> _Supplied records_:
#####

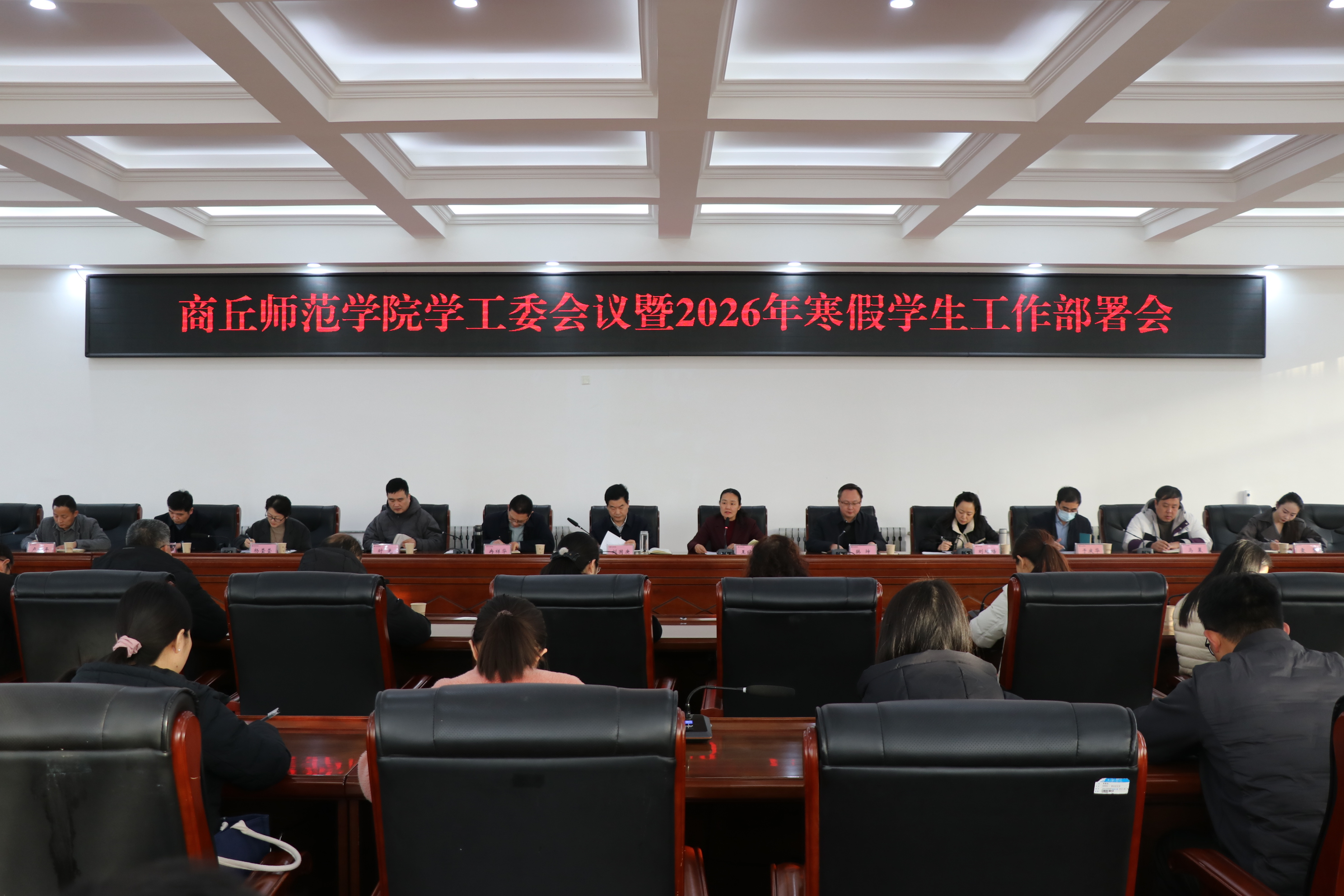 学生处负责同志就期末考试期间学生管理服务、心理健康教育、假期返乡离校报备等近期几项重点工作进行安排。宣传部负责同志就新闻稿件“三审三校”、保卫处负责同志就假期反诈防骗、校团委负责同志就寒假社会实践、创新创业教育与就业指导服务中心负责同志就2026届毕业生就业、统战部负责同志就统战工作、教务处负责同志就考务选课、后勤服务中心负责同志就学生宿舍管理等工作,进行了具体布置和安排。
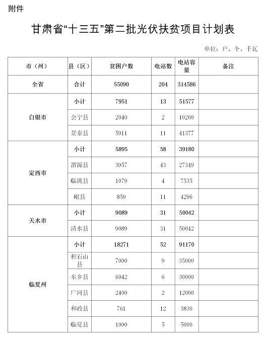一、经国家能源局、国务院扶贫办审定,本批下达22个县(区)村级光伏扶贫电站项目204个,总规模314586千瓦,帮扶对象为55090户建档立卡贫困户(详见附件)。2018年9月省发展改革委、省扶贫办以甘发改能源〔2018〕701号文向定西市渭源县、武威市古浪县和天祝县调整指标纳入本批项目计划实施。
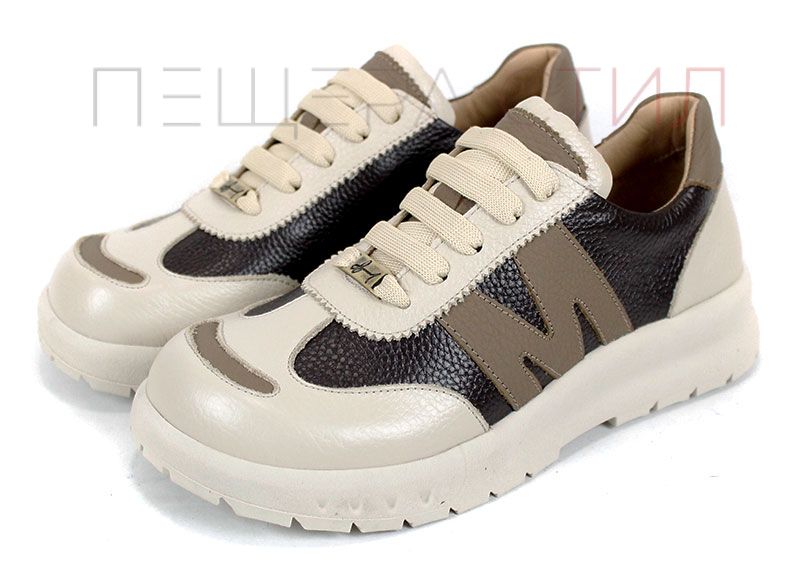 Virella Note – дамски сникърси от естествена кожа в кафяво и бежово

#####

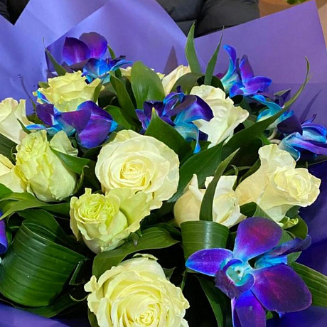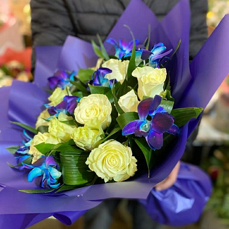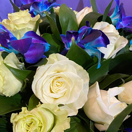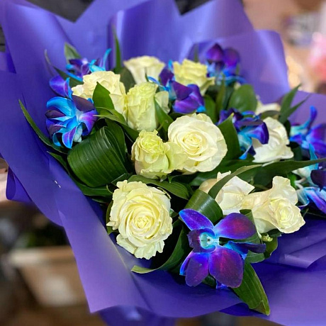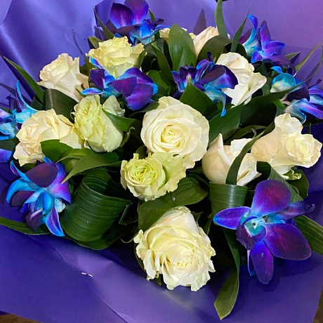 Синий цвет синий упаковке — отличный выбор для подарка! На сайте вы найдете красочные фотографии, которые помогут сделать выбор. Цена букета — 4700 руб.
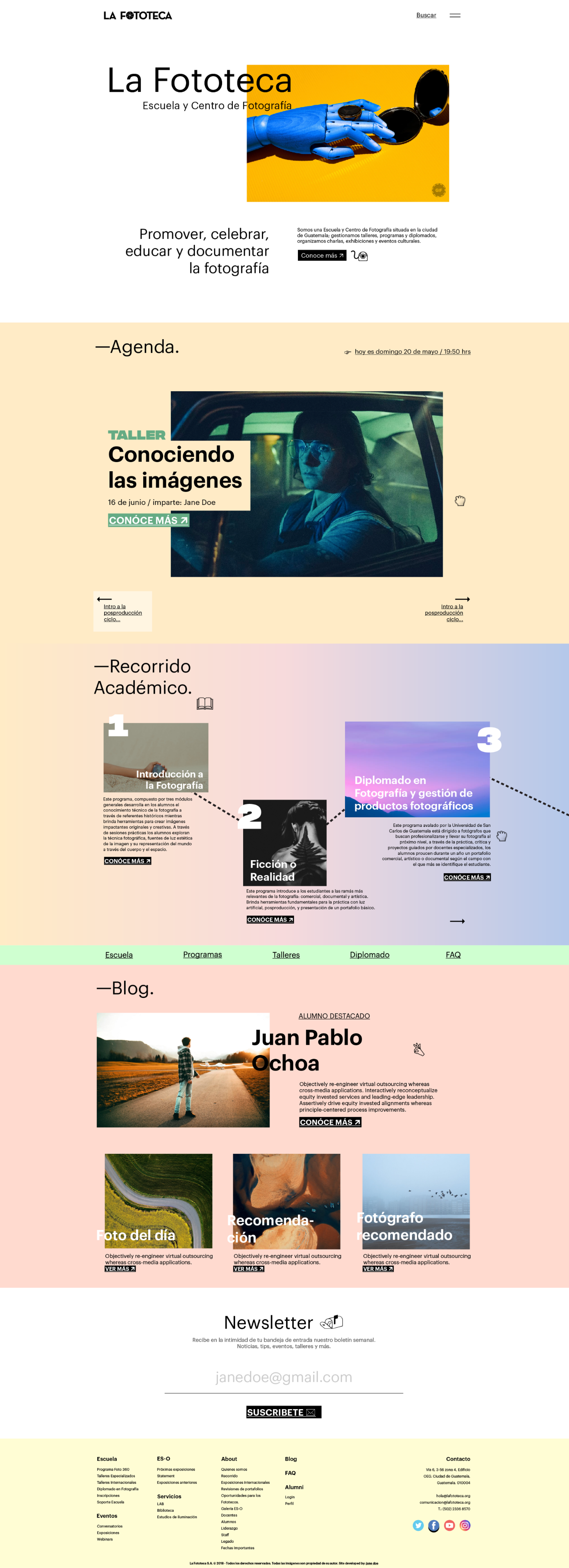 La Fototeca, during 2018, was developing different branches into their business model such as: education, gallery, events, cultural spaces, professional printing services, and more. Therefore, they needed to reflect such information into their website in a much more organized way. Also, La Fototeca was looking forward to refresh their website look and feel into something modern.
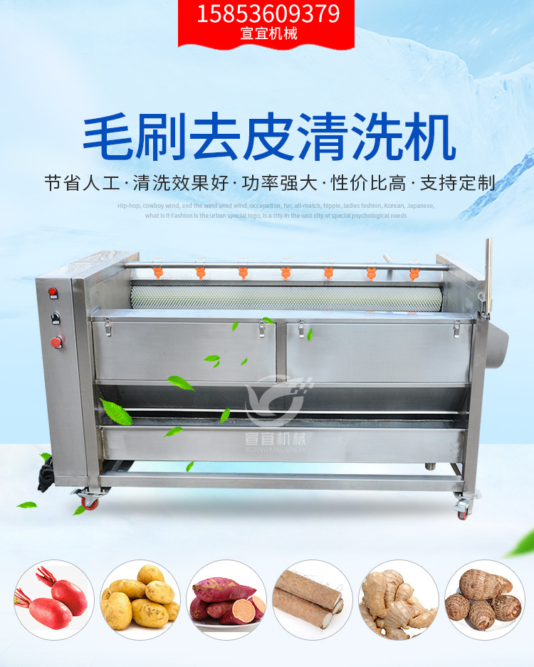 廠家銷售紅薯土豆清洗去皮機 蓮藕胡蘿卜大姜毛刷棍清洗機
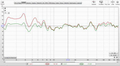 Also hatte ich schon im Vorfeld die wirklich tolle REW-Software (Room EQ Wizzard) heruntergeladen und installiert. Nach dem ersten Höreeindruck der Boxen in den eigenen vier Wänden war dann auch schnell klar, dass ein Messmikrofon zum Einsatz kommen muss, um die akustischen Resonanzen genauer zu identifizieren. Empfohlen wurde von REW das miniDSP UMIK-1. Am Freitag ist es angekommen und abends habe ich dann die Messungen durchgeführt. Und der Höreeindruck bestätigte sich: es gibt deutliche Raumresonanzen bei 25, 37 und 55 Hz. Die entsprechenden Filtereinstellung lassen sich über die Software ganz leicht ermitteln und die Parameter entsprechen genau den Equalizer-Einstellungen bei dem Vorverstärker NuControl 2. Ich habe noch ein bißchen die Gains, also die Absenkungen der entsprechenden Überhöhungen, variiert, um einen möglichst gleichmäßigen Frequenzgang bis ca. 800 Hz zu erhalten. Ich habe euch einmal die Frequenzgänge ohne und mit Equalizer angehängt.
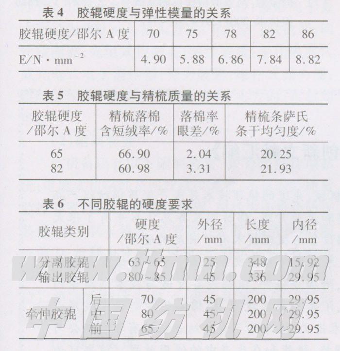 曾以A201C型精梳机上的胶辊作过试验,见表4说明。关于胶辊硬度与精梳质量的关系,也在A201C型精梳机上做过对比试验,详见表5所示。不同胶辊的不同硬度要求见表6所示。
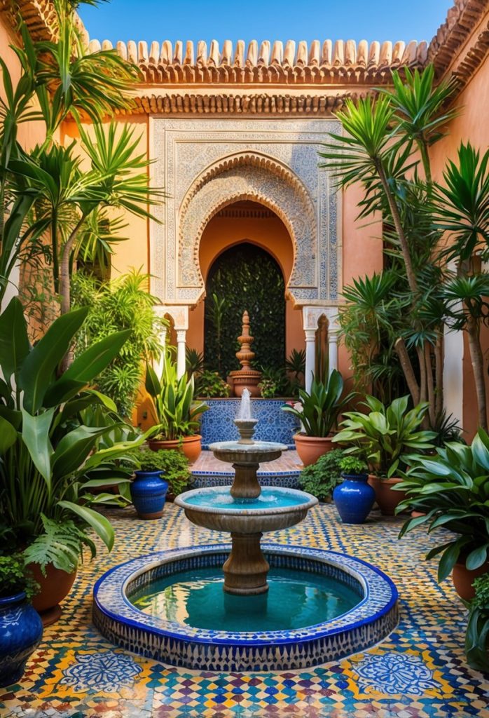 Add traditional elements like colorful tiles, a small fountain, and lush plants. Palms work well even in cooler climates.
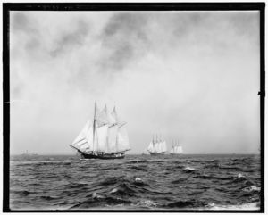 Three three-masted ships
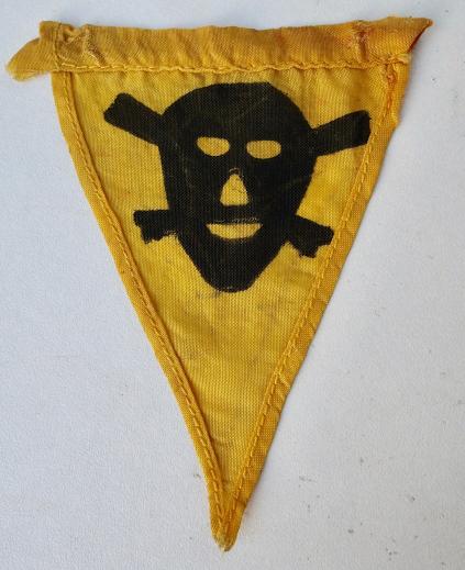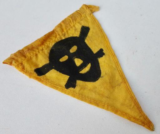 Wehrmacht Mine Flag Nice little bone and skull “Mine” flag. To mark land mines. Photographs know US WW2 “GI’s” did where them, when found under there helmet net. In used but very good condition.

#####

Everything between and including the line above containing "学生处负责同志就期末考试期间" and the line containing "Virella Note –" should be reproduced exactly, with pictures excluded.

 学生处负责同志就期末考试期间学生管理服务、心理健康教育、假期返乡离校报备等近期几项重点工作进行安排。宣传部负责同志就新闻稿件“三审三校”、保卫处负责同志就假期反诈防骗、校团委负责同志就寒假社会实践、创新创业教育与就业指导服务中心负责同志就2026届毕业生就业、统战部负责同志就统战工作、教务处负责同志就考务选课、后勤服务中心负责同志就学生宿舍管理等工作,进行了具体布置和安排。
一、经国家能源局、国务院扶贫办审定,本批下达22个县(区)村级光伏扶贫电站项目204个,总规模314586千瓦,帮扶对象为55090户建档立卡贫困户(详见附件)。2018年9月省发展改革委、省扶贫办以甘发改能源〔2018〕701号文向定西市渭源县、武威市古浪县和天祝县调整指标纳入本批项目计划实施。
 Virella Note – дамски сникърси от естествена кожа в кафяво и бежово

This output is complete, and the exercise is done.